ABSTRACT

Visual search is concerned with processes for finding specified objects of unknown position. At any given moment the retinal fovea deals with only a narrow cone of visual space outside the eye. Therefore, the fovea has to be guided to the position of interest. It is one of the functions of eccentric vision, outside the fovea, to provide such guidance. Eccentric vision, in particular the size of the functional visual field, and control of the line of sight by head and eye movements are therefore basic to an understanding of search.

If, arbitrarily, head movements and moving objects are excluded from consideration, eye movements are restricted to jumps (saccades) that are separated by eye pauses. Since the jumps are quick, useful vision occurs during eye pauses only. Vision is then based upon a series of quasi-stationary retinal images which are shifted a few times each second. These basic facts lead to the following rather straightforward division of research problems in visual tasks: (1) vision from a brief stationary image, (2) the control of eye saccades, and (3) the integration of successive images into one continuous visual impression. Of course, the relations between these three separate types of process have to be established as well.

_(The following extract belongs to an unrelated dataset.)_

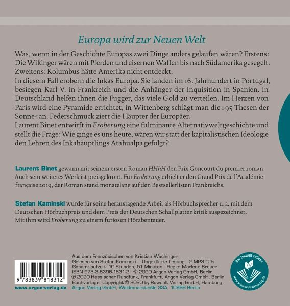 Wikinger noch vor Kolumbus Südamerika entdeckt hätten und die Inkas sich gen Osten aufgemacht hätten, um…mehrWir alle haben sie studiert, die Geschichte Europas und die Eroberung der Welt. Mutige Männer, die dahinsegelten, um ferne Länder zu entdecken und zu unterwerfen, um ihnen die zivilisierte Hochkultur der alten Welt nahezubringen. Was aber wäre gewesen, wenn alles ganz anders verlaufen wäre? Die Wikinger noch vor Kolumbus Südamerika entdeckt hätten und die Inkas sich gen Osten aufgemacht hätten, um erst Portugal und dann ganz Europa zu unterwerfen? So manch ein Herrscher hätte nicht schlecht gestaunt, ebenso die Vertreter der Heiligen Kirche – und deren Gegner. Ein fuchsteufelswilder Luther muss zusehen, wie statt seiner Thesen die Kunde des Sonnengottes angeschlagen und damit der neue Glaube besiegelt wird.

The aim of the present contribution is to show that this view has led to fruitful research aimed at understanding both visual search and reading. The approach is advocated for further studies of visual activities.

Studies on vision from brief stationary images have to concentrate on eccentric rather than on foveal vision, and on presentation durations representative of eye pause durations. They should also preferably concern structured rather than homogeneous visual fields or backgrounds. The latter distinction is of importance because of the strong adverse interactions between neighboring objects, which prevent studies with homogeneous backgrounds from being representative of many conditions in daily life. These lateral interferences are specific in the sense that certain stimulus properties interact selectively among each other over relatively long retinal distances. Although the interactions may extend not only in space but in time as well, the lateral interferences probably limit the functional visual field more than the effects of backward and forward masking.

Control of eye saccades is a difficult research problem in its own right. There is a wide range of processing levels where eye guidance may originate. A preliminary division might distinguish between (a) semiautonomous guidance by motor routines; (b) sensory and perceptual guidance by visual, auditory, and tactual objects and; (c) cognitive guidance by knowledge and expectation on as many different levels of complexity as one might wish to distinguish, including individually unique factors. These levels should be seen as cooperating rather than as being mutually exclusive. Indeed, eye saccades may reflect the complexities of man himself. Now that eye monitoring equipment is more generally available, the task of research might be to peel off from reality reduced situations in which relatively simple and amenable types of control appear dominant.

On the integration of visible information from successive images, some data exist that suggest that the visual system does not need advance information on eye saccades in order to integrate perceptually the incoming information. Some preliminary evidence suggests that eccentric recognition may sometimes be slower than foveal recognition, so that the internal recognition process may not always be all that successive.

Applications of the above research questions to processes of search and of reading are demonstrated.